In the past, I have refrained from criticising either scheme actuaries or the pension regulator, suggesting that the problem is just the framework within which they are forced to operate. However, I now believe that, together, the pension regulator and the actuaries are responsible for presiding over, and having invented, a morass of regulations which don’t work. One of the factors that changed my mind was the manner in which the LDI debacle was greeted, as if there was no problem.
Some pages may appear repetitive but I don't know which route you'll take. Several pages have little content - deliberately. Although I have removed the symbol, all amounts are in sterling.

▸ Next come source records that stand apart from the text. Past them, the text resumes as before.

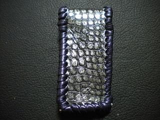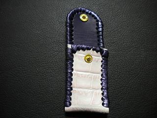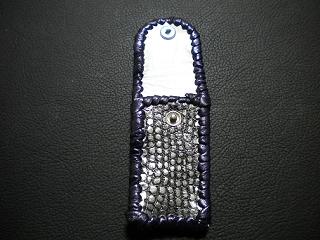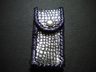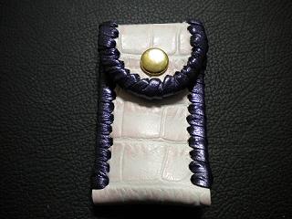 表面は、クロコ柄型押しのシルバーレザーを使用。 内側は、ホワイトレザーを使用しています。 ケース周囲は、パープルメタリックレザーで、かがり仕上げをしています。 |
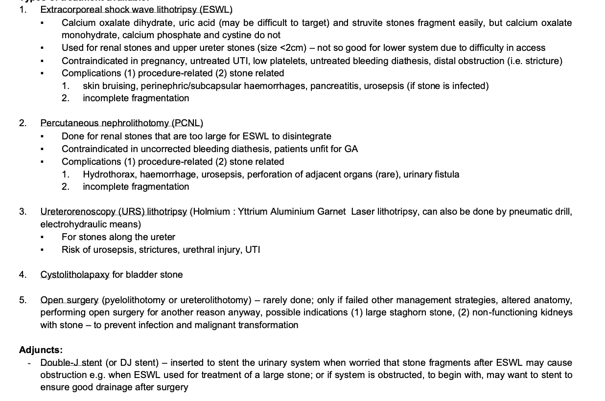 ▪ Calcium stones – thiazide (increase urinary calcium excretion), citrate, low sodium diet
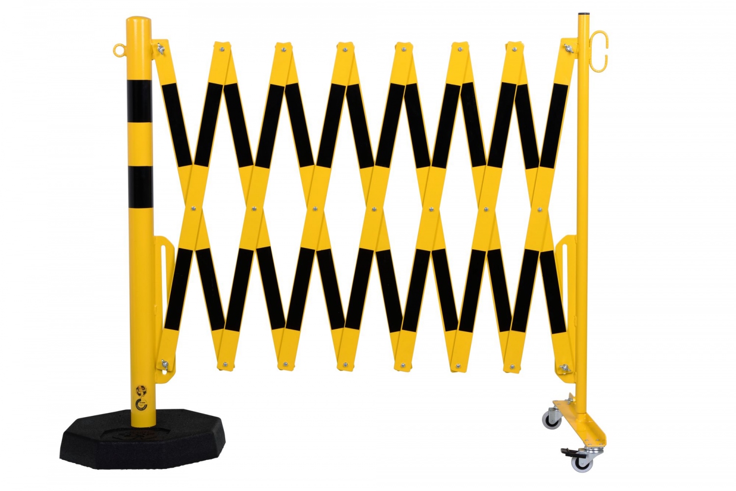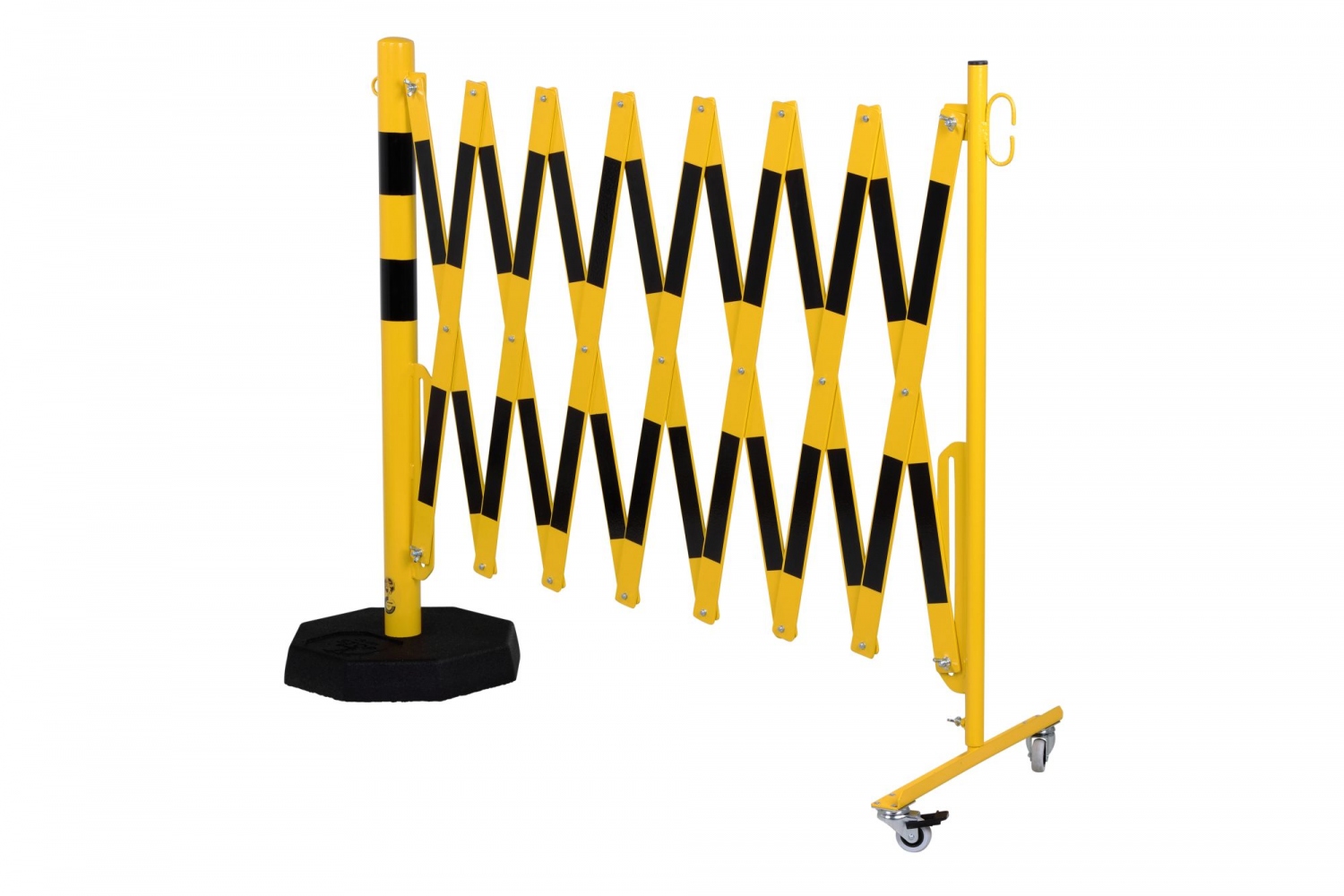 CRASH STOP 70-90 Expandng barrier with castors and heavy foot plate, yellow-black, 4000 mmExpanding Barrier, steel, 1050 mm H, powder coated, with castors, with post Ø 60 mm on a mobileoctagonal foot plate, TÜV-certified (Folded width incl. footplate)Technical DataModel: 70-90Material: SteelWidth: 4000 mmHeight: 1050 mmFolded width total (ca.): 620 mmMaterial flat steel: 5 x 40 mmWeight: 30,0 kgDescriptionThe variation with combined steel posts can be positioned in areas where wall fixings are not possible.Like the TÜV-certified expanding barriers with wall fixings these combined sets are also available inyellow-black and red-white in the standard lengths of 3.6 m and 4.0 m.The steel barrier posts are for floor mounting with base plate, rectangular posts 70 x 70 mm orround posts (diameter 60 mm). For existing barrier posts, it is possible to use the KIT version with an adaptor.For temporary use, the barrier post can be combined with the mobile base plate including the expanding barrier. Information on product safety (Manufacturer, Contact)Dancop International GmbH, Wilhelm-Rausch-Strasse 15, 31228 Peine-Stederdorf, GERMANY, +49 5171 585690, , www.dancop.com

Nothing on this website constitutes “advice”.
Although this website has a lot in common with “discrate”, this one is more complex. There, I have been trying to explain why the discount process simply doesn’t work for long-term financial entities, even for really simple contracts. Here, I am trying to deal with defined benefit pensions. My basic question is why we think we can get complex stuff right if we can't get the basics correct - which I regret I rather doubt. We need much more balance between short term and long term views.
Typically, any financial entity's assets and liabilities are periodic cashflows over time, short or long; capital values are only poor representations of those cashflows. Consistency between future cashflows in both directions should be sought. However convenient it may have been in the past to represent them by scalar values, that approach conceals far more than is revealed. Given the enormous computing power now readily available, there is no good reason to retain scalars instead of using stochastic projections, so allowing stakeholders a more direct choice of risk appetite.
However, as scalars are still required by the regulators, at least in UK DB pension space, this website starts by considering how to derive “discount rates” as sensibly as we can. We will need to deal with some terminology and background. We can then move on to the contracts considered, the other variables taken into account and pricing approaches, following which we can look at outcomes, mostly shown as dynamic charts (now all in HTML5 rather than in Flash).
Ultimately, I am driven to the conclusion that actuaries should stop using discount rates alone for long-term projects with specified intended outcomes because cashflows are the key elements and scalars alone are inappropriate. A further point is that a variable may sometimes be negative, even if the mean is positive (see example). While I’m sure that is well known, I’m not convinced it’s always taken into account.
Indeed, if we can't even do simple stuff, can we really solve complex problems?